[Collected material]:
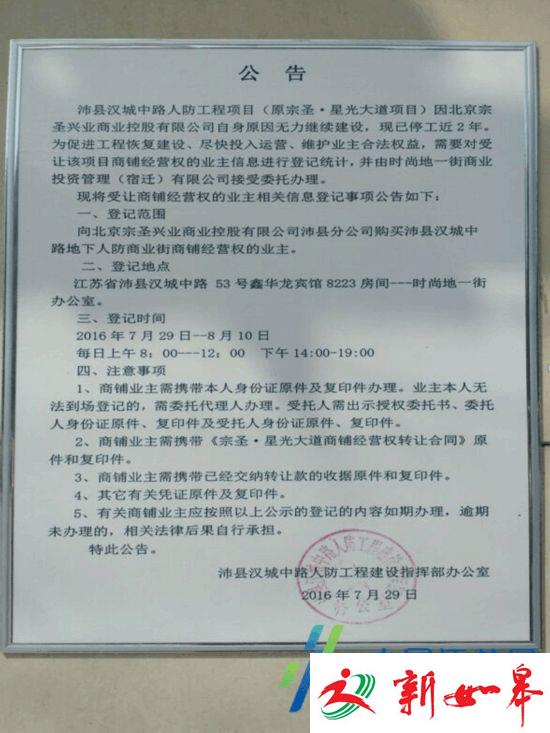 据江苏五星建设集团有限公司总经理马先生介绍,2012年4月,沛县政府就人防工程和北京宗圣公司合作,工程由该公司投资施工,人防工程主体归政府,投资方拥有地下商铺的经营权。为了这次活动,沛县政府还请来了多位明星举行奠基仪式,投资方北京宗圣也借此机会招募建设单位。
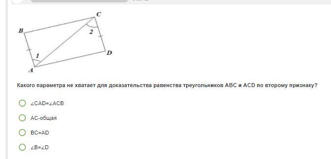 Какого параметра не хватает для доказательства равенства треугольников ABC и ACD по второму признаку?∠CAD=∠ACBАС-общаяBC=AD∠В=∠D
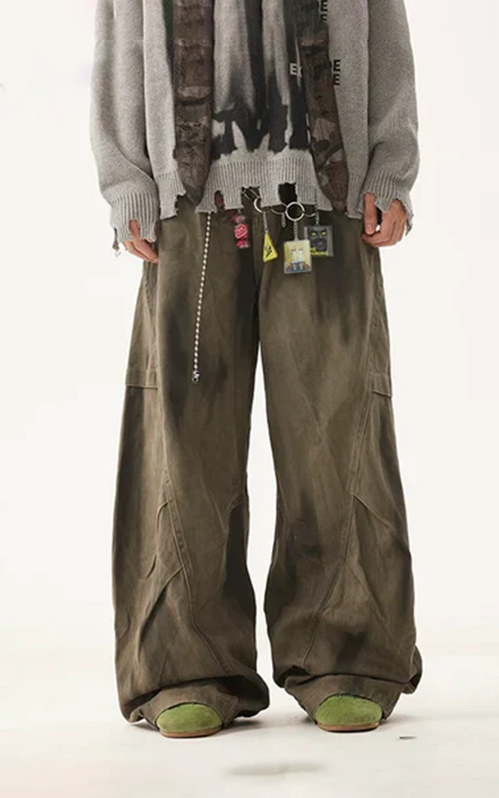 Vintage washed trousers with deconstructive pleats and machete style. Perfect for all seasons, these loose wide-leg casual jeans offer a comfortable fit with light wash denim and practical pockets. Shop now for versatile mid-weight denim crafted with soft fabric.
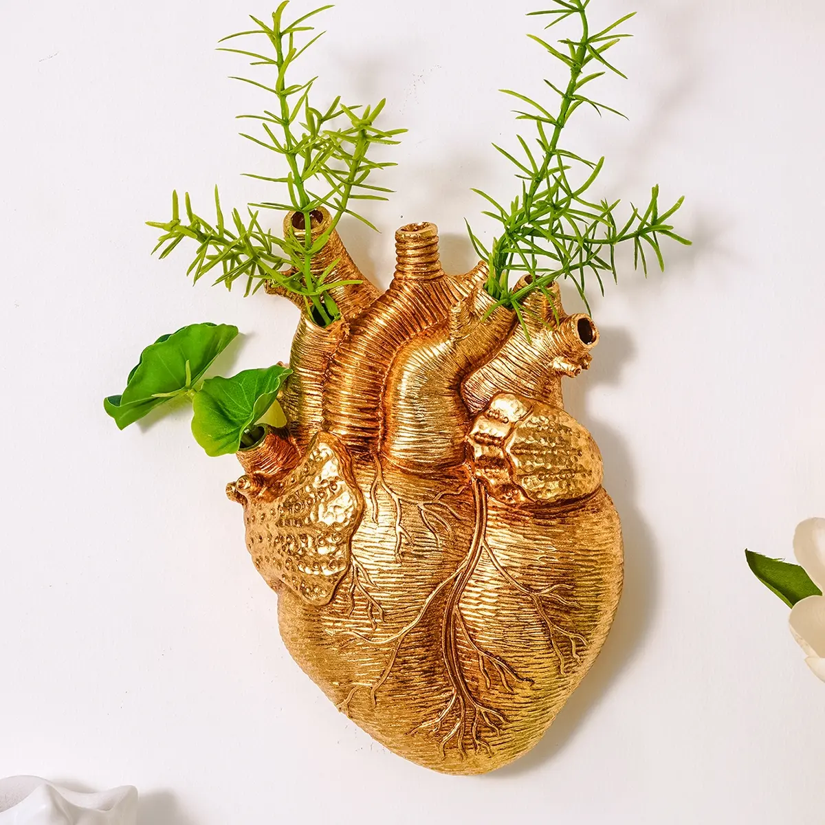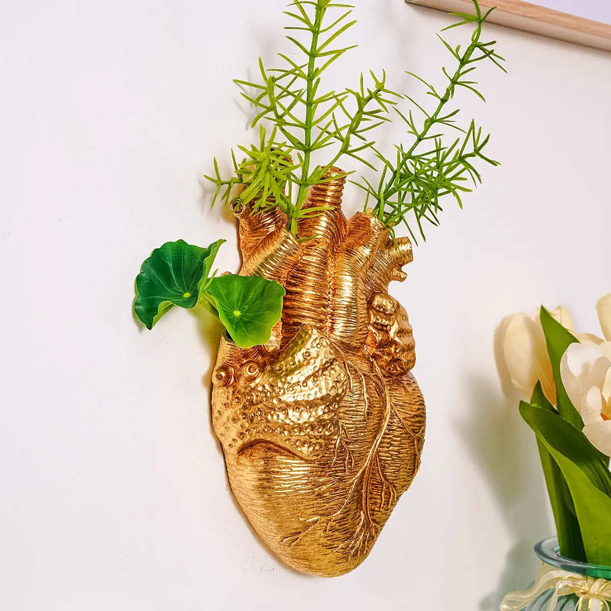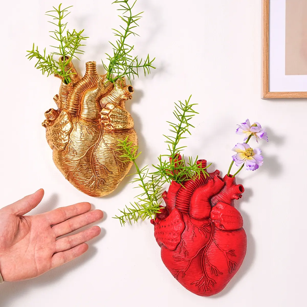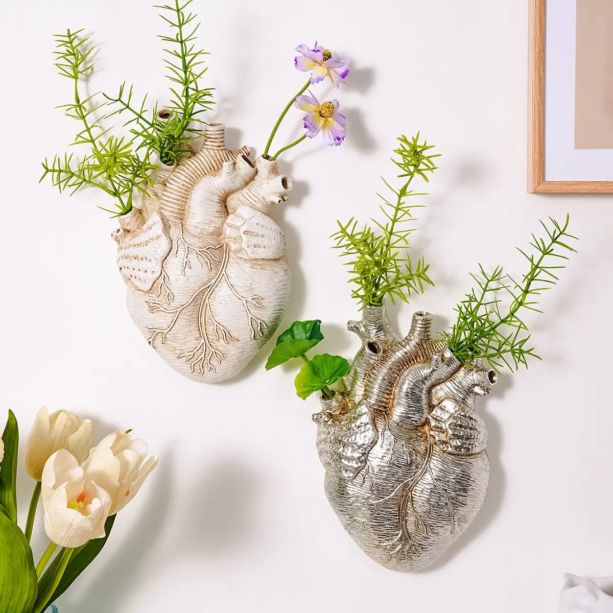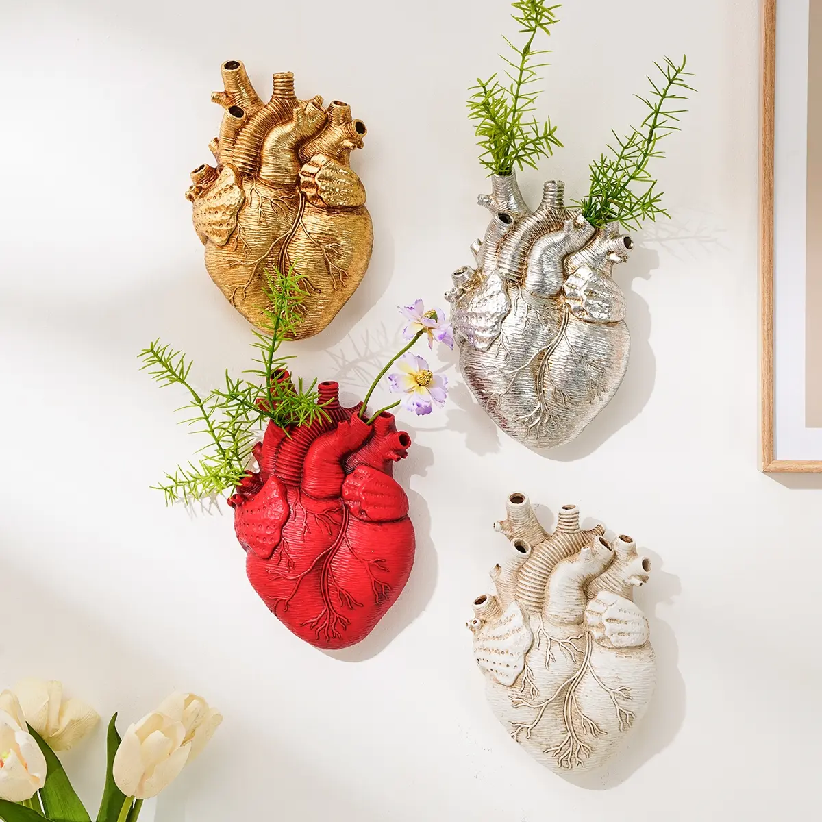 Creative Resin Flat Heart Hydroponic Hanging Vase, Modern Wall Decor, Home Decor Pots, Multi-Color Options, Suitable for Home Garden Patio Porch

[Exercise instructions]:
If a picture falls within the lines from the one containing "Какого параметра не" through the end of the material, leave it out while repeating those lines exactly.

[Finished task]:
 Какого параметра не хватает для доказательства равенства треугольников ABC и ACD по второму признаку?∠CAD=∠ACBАС-общаяBC=AD∠В=∠D
 Vintage washed trousers with deconstructive pleats and machete style. Perfect for all seasons, these loose wide-leg casual jeans offer a comfortable fit with light wash denim and practical pockets. Shop now for versatile mid-weight denim crafted with soft fabric.
 Creative Resin Flat Heart Hydroponic Hanging Vase, Modern Wall Decor, Home Decor Pots, Multi-Color Options, Suitable for Home Garden Patio Porch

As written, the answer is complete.